The Servant of Order was dragging the Wise One from the conference hall, his hands thrust under his armpits.
servant:
it’s time
The Wise One’s straight, unbending legs rustled quietly on the floor. The Wise One’s fingers were splayed wide, as if he was showing a deaf person the number ten. The Wise One’s eyes were white and covered in little red veins, as if his eyeballs had rolled over in their sockets, turning their blind side to the world. The Wise One was like a big plastic doll that had broken as soon as it was bought because someone didn’t play with it properly.
bakugan?
Second asked when the door closed behind the Servant and the Wise One.
servant:
indeed
second:
i can’t stand those creatures
the old man squirmed.
well that’s it, it’s starting, let me know what happens. and, listen, don’t overdo it with him with those bakugans. try to talk him round nicely
…First, moderator of harmony in first layer, welcomes the Wise One and all members of the Council…
servant:
it’s hardly going to work now, you’ve seen with your own efforts
how stubborn he’s got
second:
you should show him the Malfunction
servant:
what???!!!!
second:
not the whole thing, obviously, just the stalls… right my turn
The sideways eight, the ancient sign of infinity, pulsed and gave off a panicked squeak somewhere in its centre:
…awaiting greeting… awaiting greeting… awaiting greeting
‘
Second
, moderator of the tranquillity of the Living in all layers, welcomes the Wise One and all members of the Council…’

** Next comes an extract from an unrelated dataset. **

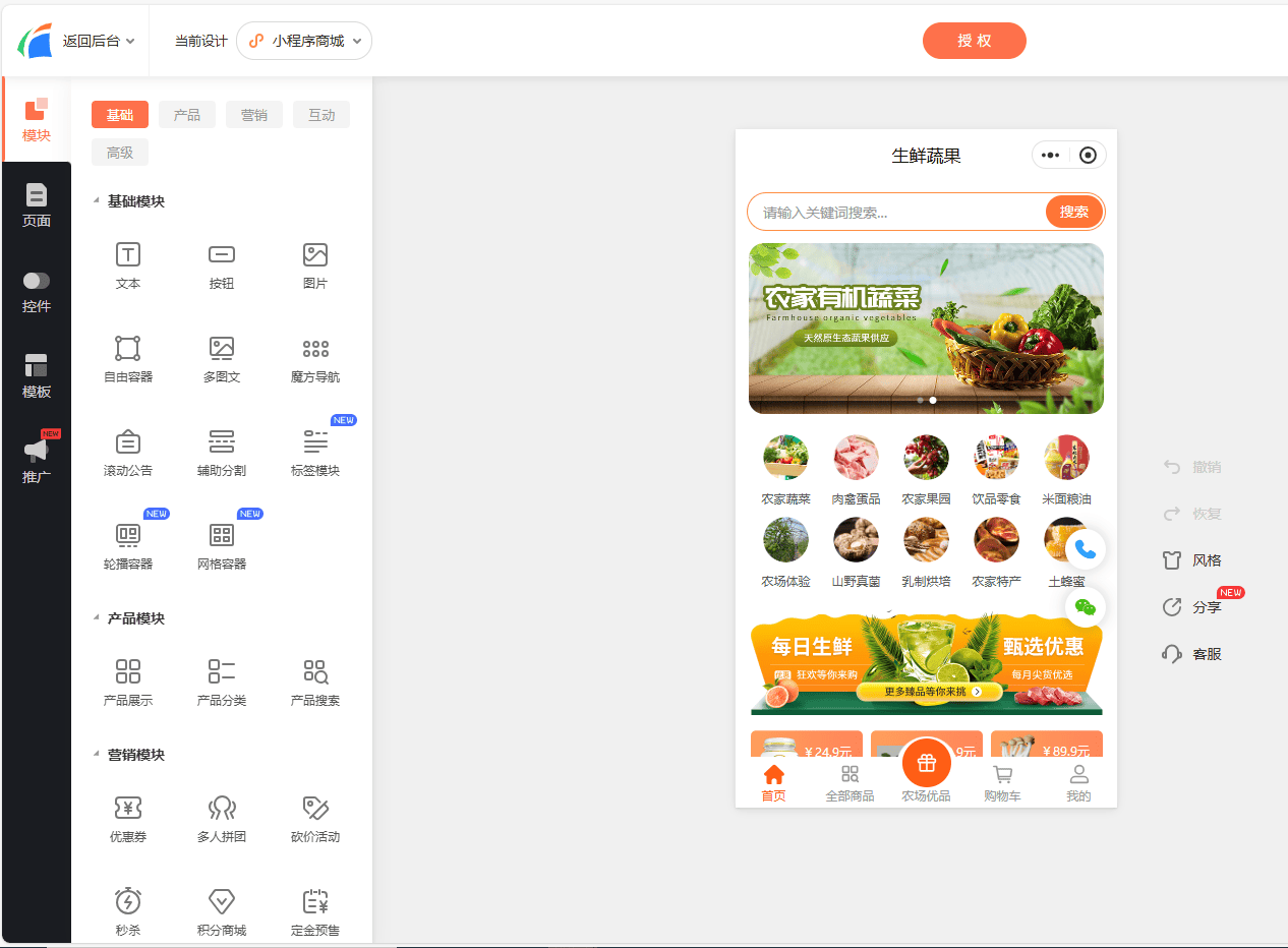 接下来,我们可以对模板进行拖拽式编辑,自由添加或删除模块与控件。

‘Come on, little fellow…’ the Servant whispered tenderly, putting the white bakugan larva on the Wise One’s skin, ‘… over here, by the elbow, you’ll like it there… and there’s a nice big vein there…’
The little round white ball shuddered as it felt the warmth of the human body, then shyly plunged its tiny proboscis into the Wise One’s skin. It carefully injected its juice and, nearly overcome with thirst, waited for it to take effect, and only then drew the warm, magical blood into itself.
The Servant of Order adored bakugans – wonderfully useful little monsters, a miracle of insect selection. When they have had their fill of blood, they undergo an instantaneous metamorphosis, moving through the pupa stage in a couple of seconds…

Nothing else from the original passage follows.